谢承意:“你不信就走啊,还有三步,你体内的剧毒就会发作,到时候,你会跪下,喊你第一个看见的人,也就是我,作爹!”
“我呸!”傅霸刀迈开大步就走。
谢承意:“五步,六步,七……”
傅霸刀第七步抬了起来,居然忽然有点不确定了。
他回头看看这熊孩子,“你外婆是谁?”
“我外婆师承夜郎国。

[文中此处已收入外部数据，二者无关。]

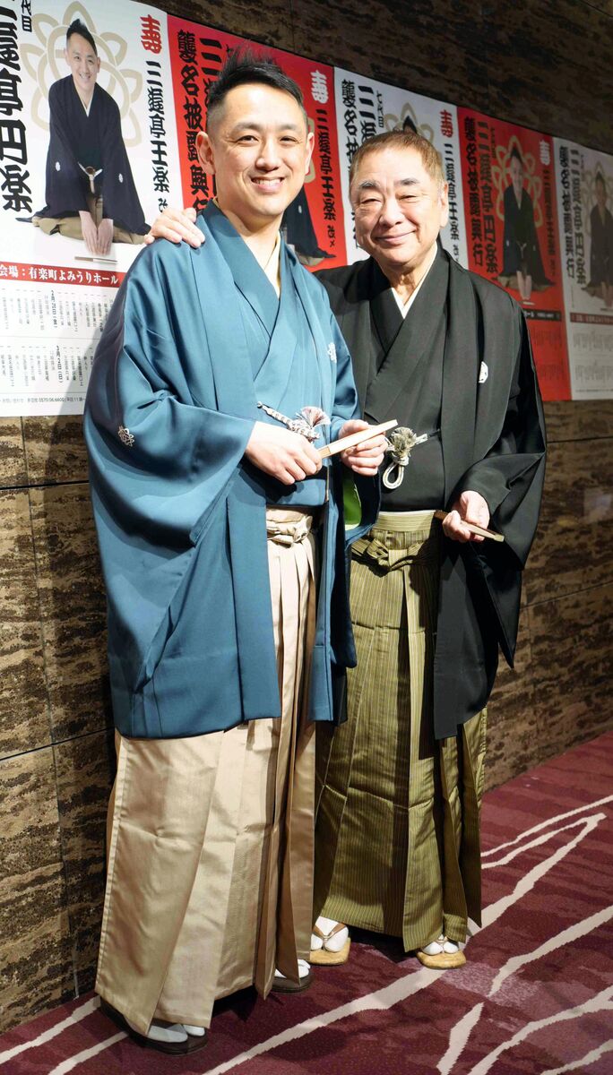 襲名披露パーティーを行った7代目三遊亭円楽(左)と父の三遊亭好楽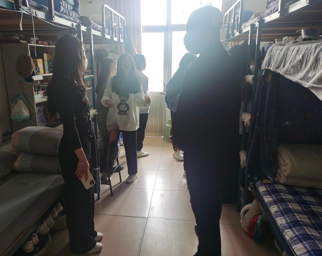 为进一步加强宿舍安全管理,确保宿舍安全稳定,5月6日上午,成人短视频 刘贤贤老师、刘润欣老师、董经老师走进学生宿舍,开展安全专项大检查,对学生宿舍安全进行全面检查。

”谢承意得意的笑。
傅霸刀便悄咪咪地,将那只迈出一半的脚给收了回来。
夜郎国的毒,千变万化,神鬼莫测,他在江湖上混迹那么多年,是见识过的。
若说有一种毒,能让人走上七步,就迷失心智,跪下喊第一个遇见的人做爹,也不是不可能。
他那只收回的脚,刚要放下。
谢承意大喊:“哎!不要放下,放下也算第七步!”
傅霸刀:……
于是,他只好用刀撑着房顶,一只脚站着了。
谢承意拍了两下小巴掌,立刻有太监吭哧吭哧爬上来,端了好吃的烧鸡,点心,还有果子酒。

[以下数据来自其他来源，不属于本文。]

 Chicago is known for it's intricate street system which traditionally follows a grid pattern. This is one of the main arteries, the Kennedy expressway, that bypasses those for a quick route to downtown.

他小小一个人,坐在屋脊上,有吃有喝,一边赏月,一边看着傅霸刀金鸡独立。
傅霸刀知道下面的暗处已经包围了无数禁军。
其实,以他的身手,既然进得来,就闯的出去。
但是,现在唯一的问题是,他不敢将那只脚放下。
万一真的毒发,他就要当着整个紫禁城的面,跪下喊面前这个小娃娃一声爹。
那他以后还不被江湖上的黑白两道笑死?
两个人,一大一小,就这么一直耗着。
谢承意吃饱喝足,又倒了一杯果子酒,朝傅霸刀递了递:
“喂,这个是我娘特别准我喝的,没什么劲儿,又是酸甜的,你要不要尝尝?”
傅霸刀很渴,但是他哼了一声,扭脸看向别处。
谢承意小声低低一句:“哼,你不敢。”
于是,接着吃点心。
“谁说老子不敢?拿来!”
傅霸刀想,如果这个小孩儿过来,他将他抓住,挟持了,单脚跳出去,找个没人的地方,把脚放下,总没问题了吧?
谁知,谢承意道:“好,你接住!”
说着,将酒杯一扔,那杯子居然极其平稳地冲傅霸刀飞了过去。
傅霸刀伸手接住酒杯,心中暗暗一惊。
若是对面是个成年人,他或许觉得没什么稀奇。
可他不过是七八岁的孩子,这份身手,怕不是还不会走路,就已经练了一身童子功了?
“你怕什么?还不敢喝?”谢承意催他。
“哼!你这小孩,可恶的狠!我不会再上你的当!”
傅霸刀甩手将酒杯扔在琉璃瓦上,摔了!
顿时,脚下一阵白烟升起。
一股子刺鼻的气味直冲脑仁儿。
傅霸刀还没反应过来怎么回事,便咣当一头倒下。
原来,真正的毒,在瓦上。
遇酒,才会发挥效力。
他用尽最后的意识,指着谢承意骂:“什么飞龙大侠!你……你这个小人!”
谢承意撇撇嘴:“笨蛋!我小,是个人都看得出来,还用你说?”
“上!”余少川在下面一挥手,低声下令。
禁军一拥而上,将朝廷抓了几年都没抓到的杀人狂魔一举成擒。
他也飞身上了房顶,将谢承意给拎了下来。
“飞龙大侠,趁着皇上和娘娘不在京中,越来越淘气了。”
若不是竹儿禁不住吓唬,余少川想破脑袋,都想不出飞龙大侠是哪一只。
第210章
巧了,我也姓阮(大结局)
第十年,皇后千秋节,皇帝没什么礼物好送的,便送了两道旨意。
第一,册封承意为太子。
第二,从今以后,不准再喊镇国皇后作“娘娘”,而是要称“陛下”。
这一年,熙朝第一支商队下南洋,寻找海外仙山,开拓友邦。
其中商船七艘,护卫战舰四十艘,由武靖王朱砂出使。
皇帝与皇后微服出行,不惊动沿途官僚和百姓,只由余少川和宇文洪烈带人护驾,一路亲自相送至太仓港。
这十年,他们也将南洋一带摸得差不多了。
纵然海上遥远,气候诡异,物产奇特,说白了也不过都是些鸡鸡狗狗的小国。
谢迟:“小皇叔这一去,能好好说话的,尽量好好说。毕竟朕是为了互通有无。你带了四十艘战舰,莫要吓到人家。”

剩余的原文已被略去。